-------- RECORDS PROVIDED --------

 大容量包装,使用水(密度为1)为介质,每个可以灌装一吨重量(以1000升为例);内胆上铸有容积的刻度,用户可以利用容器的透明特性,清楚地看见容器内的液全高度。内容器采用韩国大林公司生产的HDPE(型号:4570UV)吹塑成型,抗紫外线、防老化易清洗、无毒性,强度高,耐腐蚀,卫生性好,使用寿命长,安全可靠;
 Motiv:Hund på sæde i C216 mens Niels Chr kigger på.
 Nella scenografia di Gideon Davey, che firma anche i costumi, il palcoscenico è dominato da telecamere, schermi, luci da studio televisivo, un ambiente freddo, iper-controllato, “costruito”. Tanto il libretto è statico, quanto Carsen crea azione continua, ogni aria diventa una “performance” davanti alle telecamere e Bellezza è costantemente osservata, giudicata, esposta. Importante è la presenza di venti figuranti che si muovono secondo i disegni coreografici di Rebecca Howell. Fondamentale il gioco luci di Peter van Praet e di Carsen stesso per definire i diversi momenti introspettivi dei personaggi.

--------
-------- RECORDS PROVIDED --------

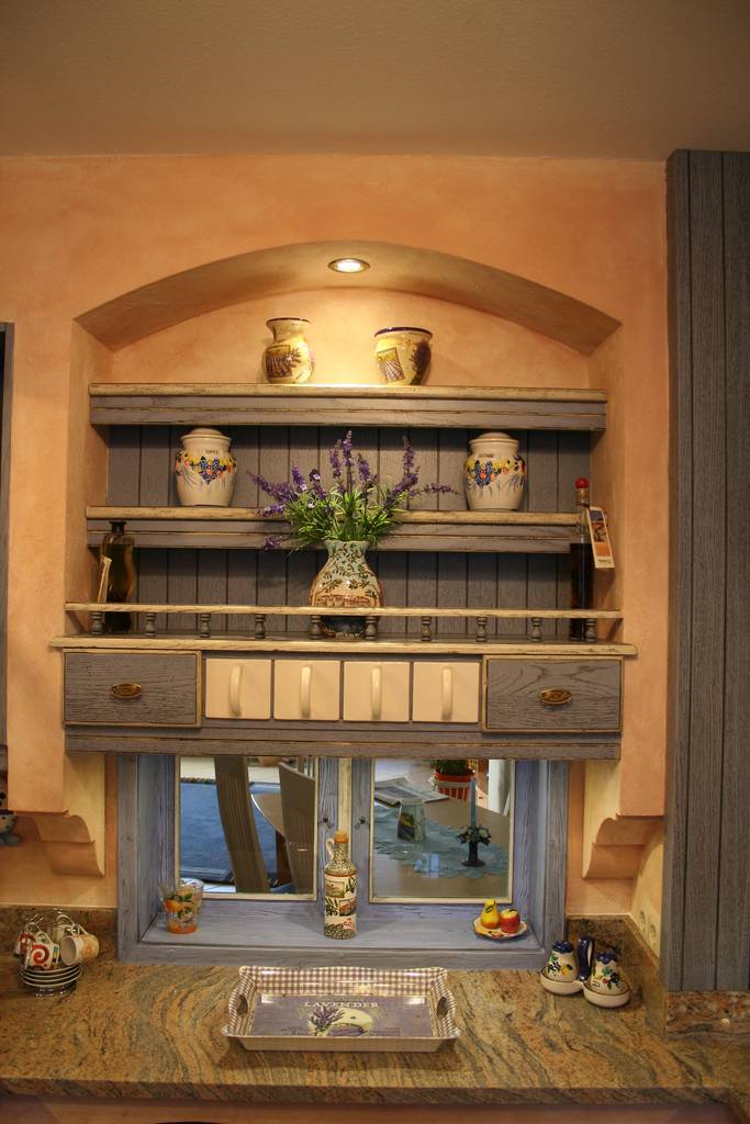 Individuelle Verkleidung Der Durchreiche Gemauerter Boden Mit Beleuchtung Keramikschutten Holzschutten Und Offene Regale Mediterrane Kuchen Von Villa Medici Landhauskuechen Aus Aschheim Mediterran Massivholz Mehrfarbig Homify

--------

* [WORK INSTRUCTION]:
Set down, from the entries above, exactly the lines from the one with "Motiv:Hund på sæde" up to and including the one with "Nella scenografia di", and no other lines.

* [RESPONSE]:
 Motiv:Hund på sæde i C216 mens Niels Chr kigger på.
 Nella scenografia di Gideon Davey, che firma anche i costumi, il palcoscenico è dominato da telecamere, schermi, luci da studio televisivo, un ambiente freddo, iper-controllato, “costruito”. Tanto il libretto è statico, quanto Carsen crea azione continua, ogni aria diventa una “performance” davanti alle telecamere e Bellezza è costantemente osservata, giudicata, esposta. Importante è la presenza di venti figuranti che si muovono secondo i disegni coreografici di Rebecca Howell. Fondamentale il gioco luci di Peter van Praet e di Carsen stesso per definire i diversi momenti introspettivi dei personaggi.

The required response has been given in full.